The Trillium Book Award ( or Prix Trillium) is an annual literary award presented to writers in Ontario, Canada. It is administered by Ontario Creates, a Crown agency of the Government of Ontario, which is overseen by the Ministry of Heritage, Sport, Tourism and Culture Industries. The monetary component for the award includes amounts paid to the author of the book and to the publisher of the book. The award has been expanded several times since its establishment in 1987: a separate award for French-language literature was added in 1994, an award for poetry in each language was added in 2003, and an award for French-language children's literature was added in 2006.

History

The Trillium Book Award was created for three reasons:  
to recognize a book of literary excellence which furthers the understanding of Ontarians and Ontario society; 
to assist Ontario’s publishing industry; and, 
to bring Ontario’s public library and writing communities closer together.

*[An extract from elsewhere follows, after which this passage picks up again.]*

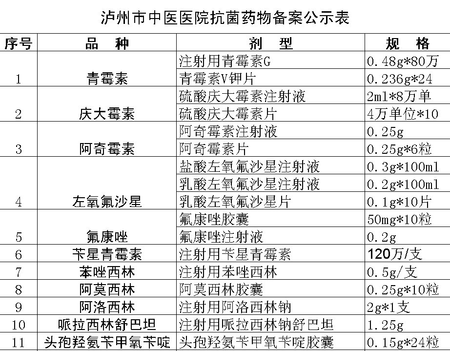 瀘州市中醫(yī)醫(yī)院抗菌藥物備案公示表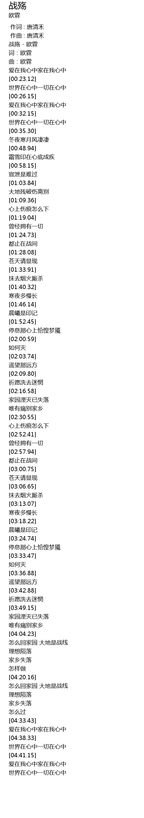 | [00:00.00] | 战殇 - 欧霖 |

The Trillium Award was one of several creative initiatives undertaken by the Libraries and Community Information Branch while under the direction of Wil Vanderelst during the 1980s, that encouraged the development of Ontario writers and the distribution of their works. When created in 1987 the Trillium Book Award/Prix Trillium was the richest book award in Canada with a cash prize of $10,000 to the winner. It was also unique in that a separate $2000 would go to the publisher of the winning book to assist in its marketing and promotion. Under the auspices of the Libraries Branch, both the shortlisted books and the finalist were marketed through a unique logo for the prize, posters, bookmarks as well as an aggressive six-week media campaign targeting both bookstores as well as public libraries. (The prize today is $20,000 for the writer with $2,500 for the publisher, and $10,000/$2000 for the poetry prize.)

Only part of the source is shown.